Collected data entries:

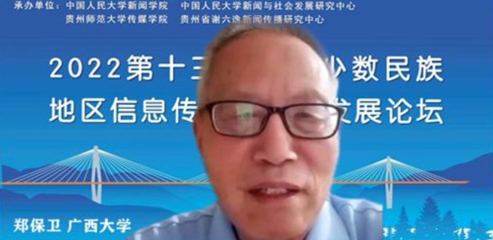 7月22日,第十三届中国少数民族地区信息传播与社会发展论坛以线上会议方式在贵州师范大学传媒学院举行。beet365特聘君武荣誉教授、中国少数民族地区信息传播与社会发展论坛荣誉理事长郑保卫,党琼助理教授以及硕士研究生胡林莉、王子璇参加了论坛并作学术发言。
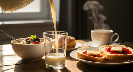 Fresh milk is being poured from a pitcher into a glass on a sunlit breakfast table. The table is set with a bowl of oatmeal with berries, toast with jam and butter, and a cup of coffee, depicting a wholesome morning meal.
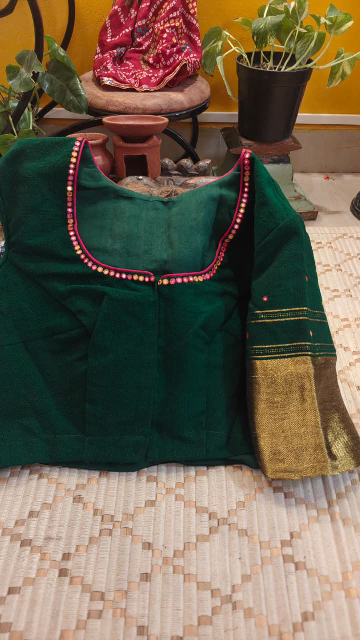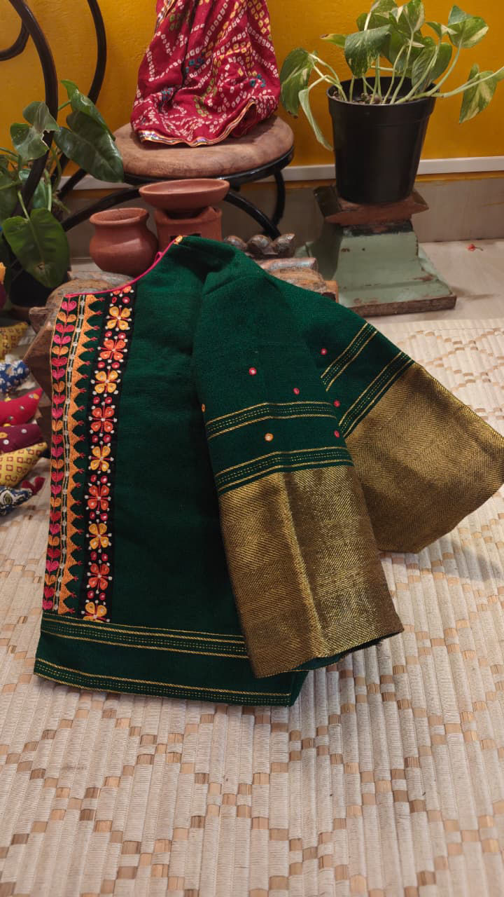 Our artisans creatively hand embroider, hand paint and hand print the blouses that come to you from the design house of SVASA. We use hand woven fabric extensively. You may notice very minute, almost insignificant flaws in the crafts since they are all handmade. We urge our patrons to overlook a few human errors that may have occurred in the process. Our aspirations are towards an empowered society, focusing on keeping traditional needlecraft alive for a long time to come.
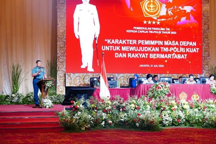 Hal tersebut disampaikan Panglima TNI Laksamana TNI Yudo Margono, S.E., M.M. saat memberikan pembekalan kepada 833 Calon Perwira Remaja (Capaja) TNI-Polri di Gedung Balai Sudirman, Menteng Dalam, Jakarta Selatan, Jumat (21/7/2023).
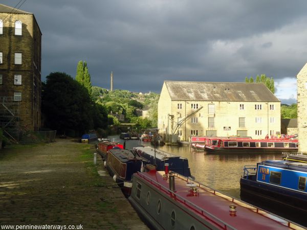 Sowerby Bridge Canal Basin, with the restored Salt Warehouse on the left.

▸ **Task requirements**
Your answer must be an exact copy of the lines from the one with "Our artisans creatively" through the final line of the data, both included, without any pictures.

▸ **Answer space**
 Our artisans creatively hand embroider, hand paint and hand print the blouses that come to you from the design house of SVASA. We use hand woven fabric extensively. You may notice very minute, almost insignificant flaws in the crafts since they are all handmade. We urge our patrons to overlook a few human errors that may have occurred in the process. Our aspirations are towards an empowered society, focusing on keeping traditional needlecraft alive for a long time to come.
 Hal tersebut disampaikan Panglima TNI Laksamana TNI Yudo Margono, S.E., M.M. saat memberikan pembekalan kepada 833 Calon Perwira Remaja (Capaja) TNI-Polri di Gedung Balai Sudirman, Menteng Dalam, Jakarta Selatan, Jumat (21/7/2023).
 Sowerby Bridge Canal Basin, with the restored Salt Warehouse on the left.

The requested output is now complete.